The fact is that there is now a substantial demand among thinking people all over the UK for a system of government that is less secretive, less class-ridden, more participatory, less centralised, more respectful of diversity; and the Tory idea that that demand for decentralisation and greater democratic accountability will somehow disappear, if the Scots can be frightened into voting No on September 11, shows a dangerous degree of ignorance about the present mood of England, perhaps accounted for by the exceptionally narrow cultural and geographical base, in the south-east of the country, on which the Tory Party at Westminster now rests.

What is true, though, is that if the process of constitutional change in Britain is to remain focused on those common and serious concerns of accountability and democracy, rather than on divisive issues of national prestige and advantage, then it will have to be led in that direction by responsible politicians; and this is the third sense in which Michael Ancram is wrong about Home Rule. For in making his arguments against the devolution package, Ancram adopts the posture of an observer and prophet of doom, who predicts inevitable evils flowing from the proposals; whereas in fact, politicians and leaders of his stature, in every political party, are not mere observers of the situation, but makers and shapers of the atmosphere within which an Edinburgh Parliament will work.

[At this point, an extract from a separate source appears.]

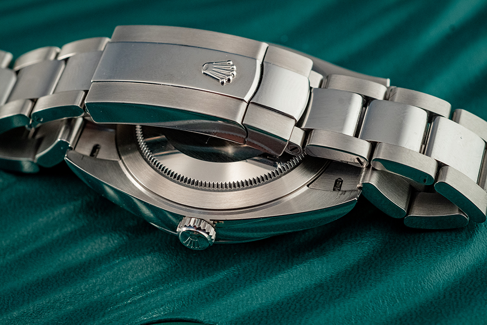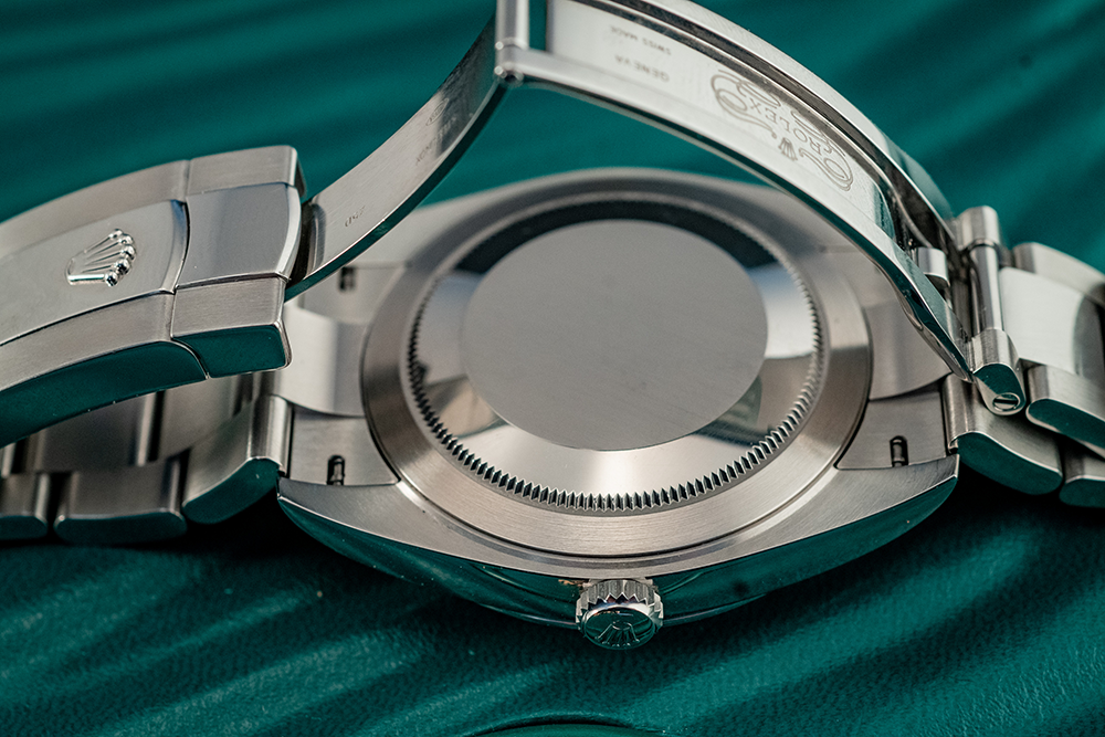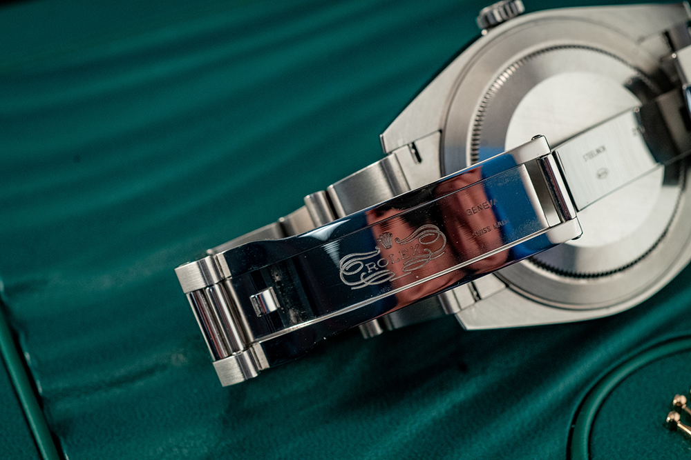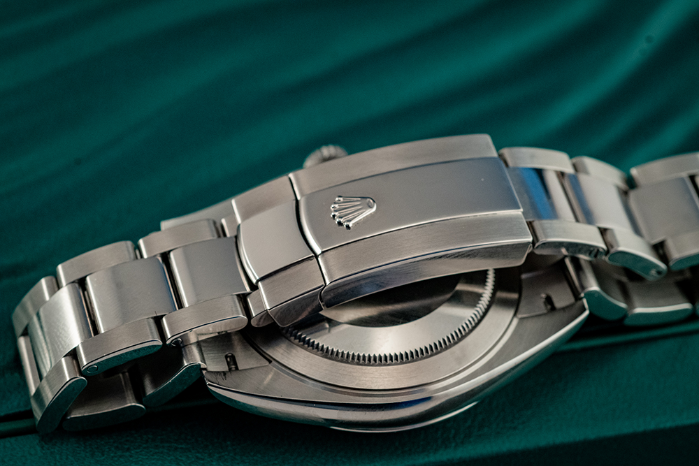 The silver Oyster bracelet is known for its robustness and comfort, and is an iconic Rolex feature. The polished and brushed finishes add a touch of refinement. The smooth, polished silver bezel adds an understated yet sophisticated touch, framing the dial beautifully. This watch comes complete with its original box and papers, which not only assure authenticity but also add value to this exquisite timepiece.

Of course, in these nervy pre-referendum days, we can hardly expect those campaigning for a No-No vote to refrain from using any argument that comes to hand, including the kind of panic-mongering and enemy-imaging indulged in by Amcram on Wednesday. But the recent history of Europe demonstrates with painful clarity that in situations where national identity is an issue, constant prophecies of conflict between nations have a strong tendency to become self-fulfilling, so strongly do they contribute to the atmosphere of mutual distrust and fear in which national attitudes tend to harden.

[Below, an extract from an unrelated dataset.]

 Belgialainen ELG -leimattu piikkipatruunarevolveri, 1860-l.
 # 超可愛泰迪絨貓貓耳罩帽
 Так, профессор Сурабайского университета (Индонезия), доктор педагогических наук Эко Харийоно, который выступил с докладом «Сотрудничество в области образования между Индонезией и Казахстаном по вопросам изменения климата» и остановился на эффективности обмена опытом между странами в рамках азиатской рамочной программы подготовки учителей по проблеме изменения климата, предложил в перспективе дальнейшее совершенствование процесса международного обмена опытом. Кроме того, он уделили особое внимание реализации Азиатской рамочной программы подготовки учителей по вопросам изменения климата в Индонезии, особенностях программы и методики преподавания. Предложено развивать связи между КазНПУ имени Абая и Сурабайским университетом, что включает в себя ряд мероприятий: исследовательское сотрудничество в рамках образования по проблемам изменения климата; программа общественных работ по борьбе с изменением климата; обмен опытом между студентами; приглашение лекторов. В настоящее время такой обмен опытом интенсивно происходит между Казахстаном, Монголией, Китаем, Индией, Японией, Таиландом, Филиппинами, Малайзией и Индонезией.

For every speech made and article written in that fear-mongering vein now, in other words, there will be extra work to do, once the parliament is in place, in countering the effect of those powerful negative images, and in rebuilding a positive civic relationship between the parliament in Edinburgh, and public opinion and institutions elsewhere in Britain and Ireland; and although I have no doubt that most Scottish Tories will bend themselves to that positive task with a will, once the parliament is elected, and their own substantial representation in it well established, it seems ironic that the language being used by their own leaders now will have made their task, as unionists in the Scottish parliament, that much more difficult.

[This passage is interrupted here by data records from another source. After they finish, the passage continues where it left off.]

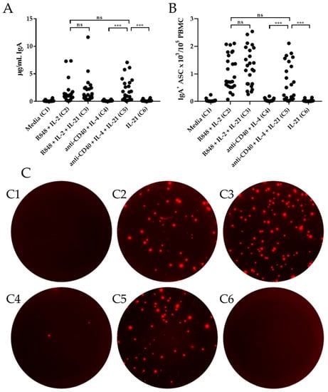 IL-21′s effect on in vitro induction of IgA+ ASC. Healthy human donors (n = 24) were stimulated in vitro under the specified six culture conditions (detailed in Materials and Methods) and induction of IgA+ ASC evaluated by ELISA (panel A) or ImmunoSpot® (panels B and C). (A) Abundance of IgA in culture supernatants following 11 days of in vitro stimulation was assessed by ELISA. (B) IgA+ ASC were enumerated by ImmunoSpot® following five days of in vitro. (C) Representative ImmunoSpot® well images, containing 104 live cells per well, from a single donor (Donor 386) following in vitro stimulation. C1-C6 correspond to the stimulation conditions specified on the x-axis of panels A and B. * p < 0.05, ** p < 0.01, and *** p < 0.001.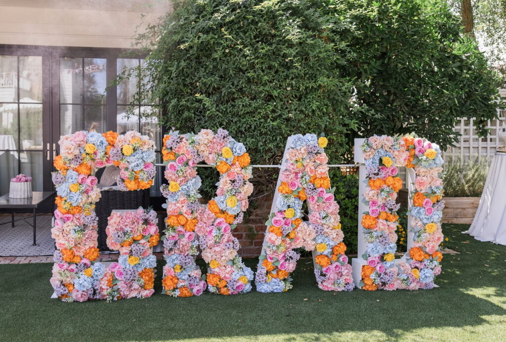 Large “GRAD” letters filled with florals were another popular spot for Alexah and her guests to take photos. We absolutely loved the adorable pennant flag detail that was strung on the bistro lights as well!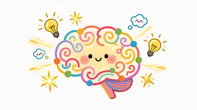 A colorful, friendly brain doodle radiates glowing lightbulbs and ideas, symbolizing artificial intelligence and creative thought.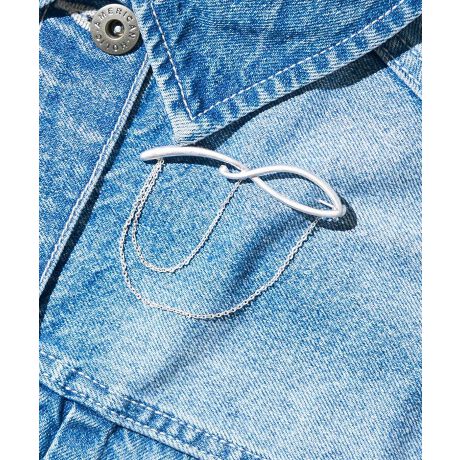 クールテイストなマットメタルでデザインしたオリジナルブローチ。ニュアンスあるラインにプラスしたダブルの華奢なチェーンが動くたびに揺れ動く魅力的なデザインです。シンプルなピン留めタイプで洋服からハットなど様々な用途で活躍。カジュアルなデニムに合わせる上品なアクセントとしてもおすすめです。※モデル着用画像は、光の当たり具合で色味が違って見える場合がございます。※お使いのモニター環境によって商品の色味が違って見える場合がございます。

In framing his Home Rule proposals, Donald Dewar has made every effort to ensure that the Edinburgh Parliament will not be a rest-home for Labour hacks or a bridgehead for virulent nationalists, but an assembly that reflects the face of the Scottish people as a whole. And in painting the possible character of that parliament in such a repellent light, the No-No campaigners therefore not only reveal more than they intend about their true opinion of Scotland, they also do infinite damage to the cause of trust and goodwill among the peoples of these islands, without which, when all is said and done, the Union they cherish cannot survive; and without which any larger dream of a new and vibrant common future, for this north-western achipelago of ours, is much less likely ever to be realised.